The State Had at Least $52,000 of Her Money. Why Couldn’t She Get It Back?

Early in 2022, Sarah F. Cox got wind that someone named Connie was looking for her. The stranger wanted to reunite Ms. Cox with some lost money under her name that the State of New York was holding.

It sounded like a scam, so she didn’t bother following up immediately. But months later, Ms. Cox called Connie back when she was visiting the United States while moving from China to Singapore, where she lives now. It turned out that Connie was a kind of bounty hunter, helping people and businesses navigate states’ unclaimed property databases.

If she found your name, she would try to track you down and help you get back money that you may not have even realized was missing. For a cut, of course.

Ms. Cox decided to find the information on her own, and sure enough, the online unclaimed property database that New York maintains had her name. And then it hit her — she had forgotten all about an old investment account.
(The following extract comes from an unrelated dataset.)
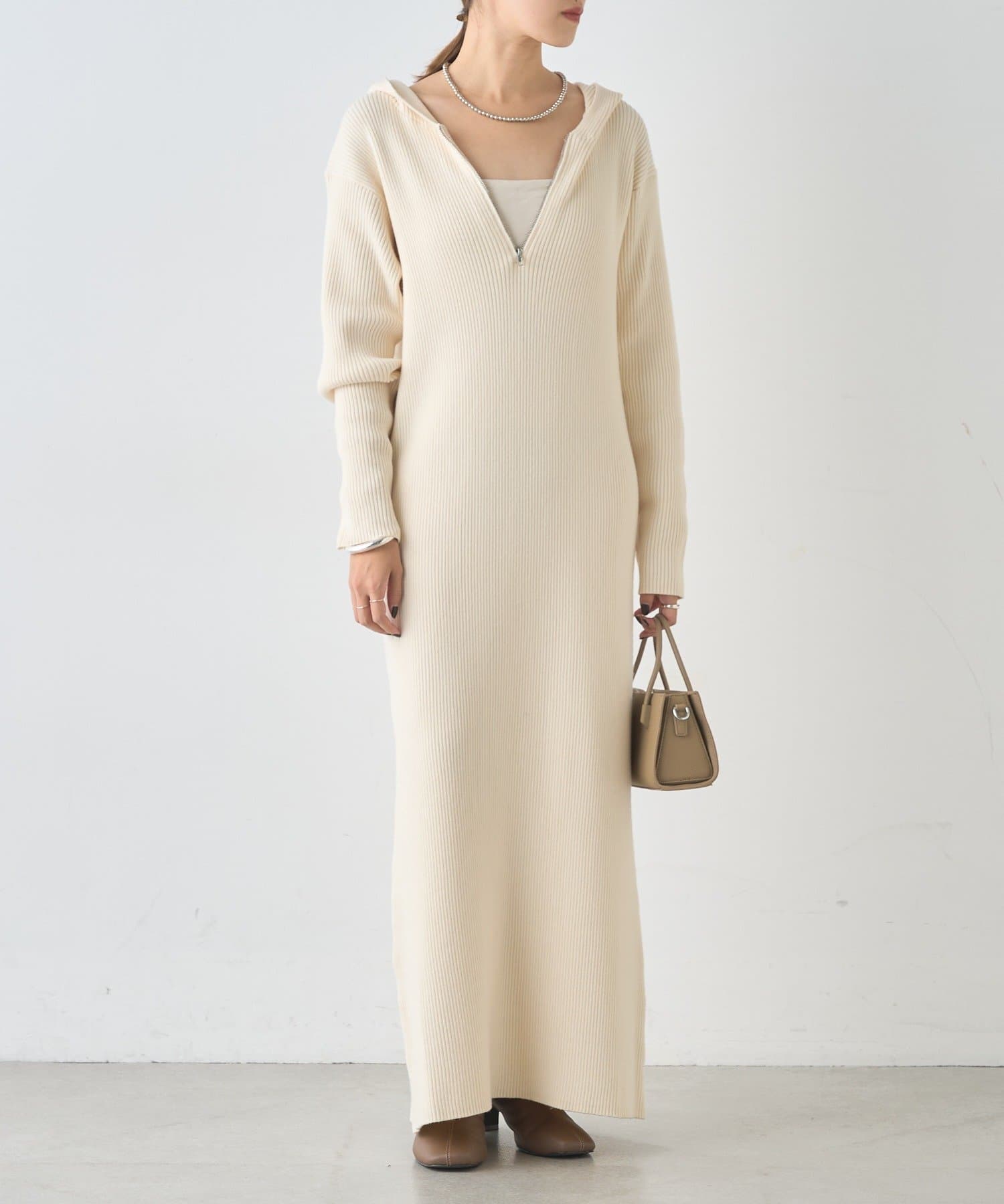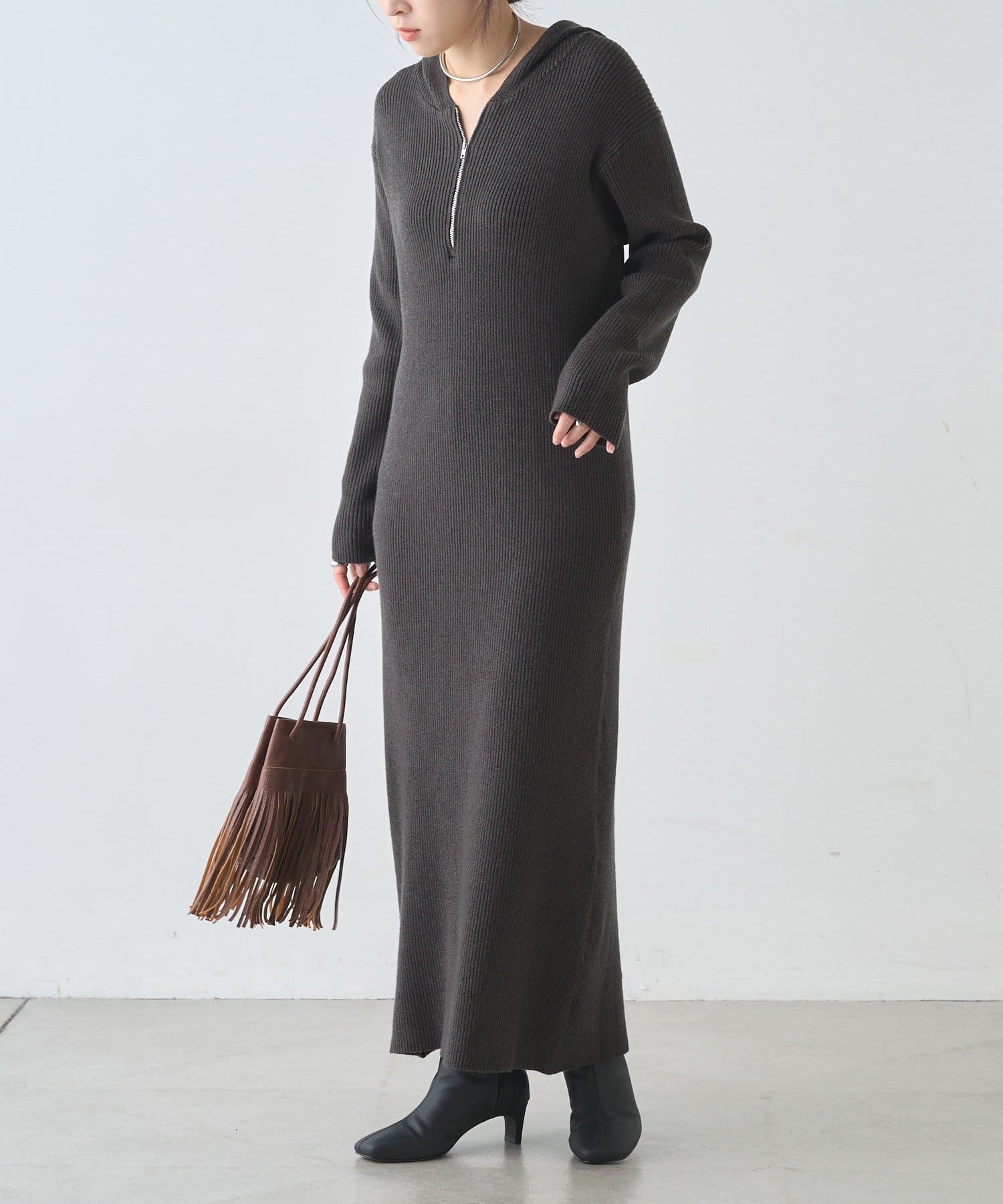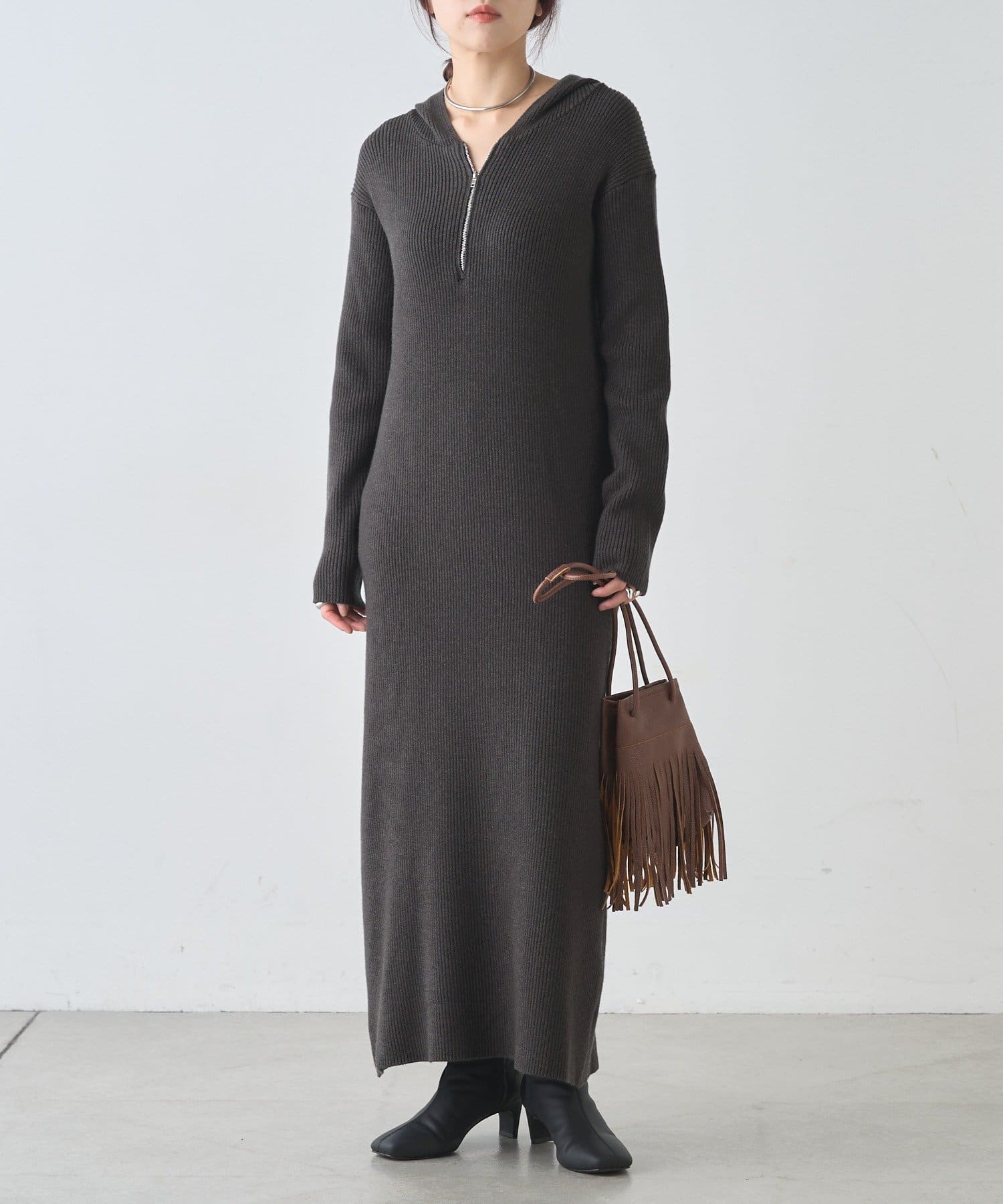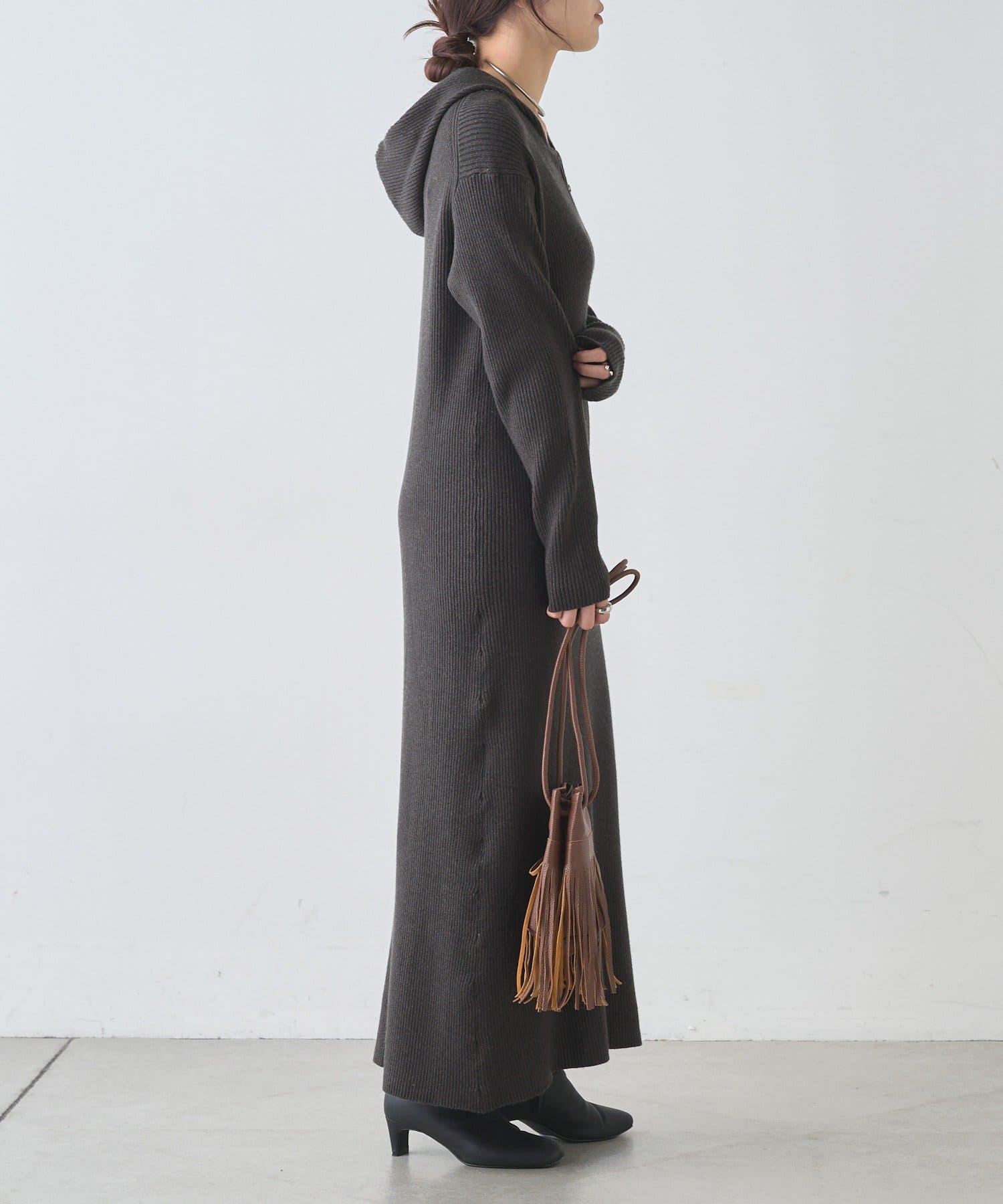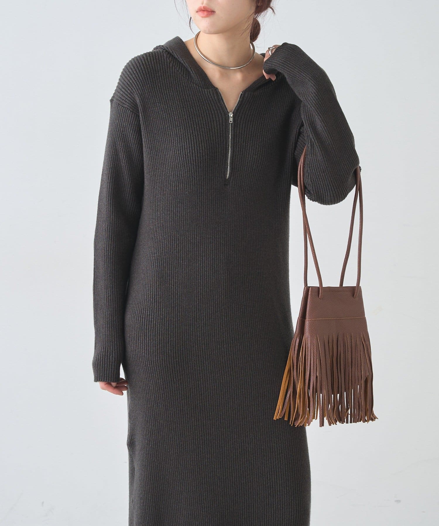 カジュアルコーデにもピッタリ!フード付きリブニットワンピース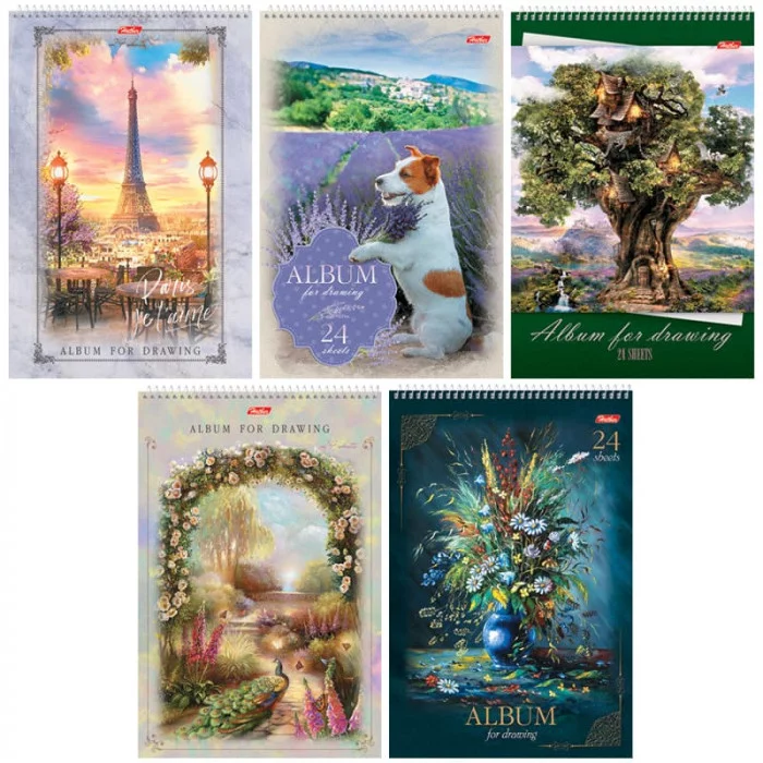 Альбом для рисования 24л А4 на спирали Hatber Ассорти тиснение перфорация отрыв Хатбер 267594

The money in question originally came from a wealthy family friend who had tried to bolster Ms. Cox, who is 41, with an early selection of investments. She doesn’t remember the size of the original deposit or the date, but it was years before she turned 18. And by the time she became a young adult — which overlapped with the 2008 market meltdown — she wasn’t paying much attention to the size of the balance.

Why not? Well, because people like me and other elders told her to pay the markets almost no mind. “My father wasn’t too specific other than ‘It’s for the long term’ and ‘Don’t meddle,’” she said.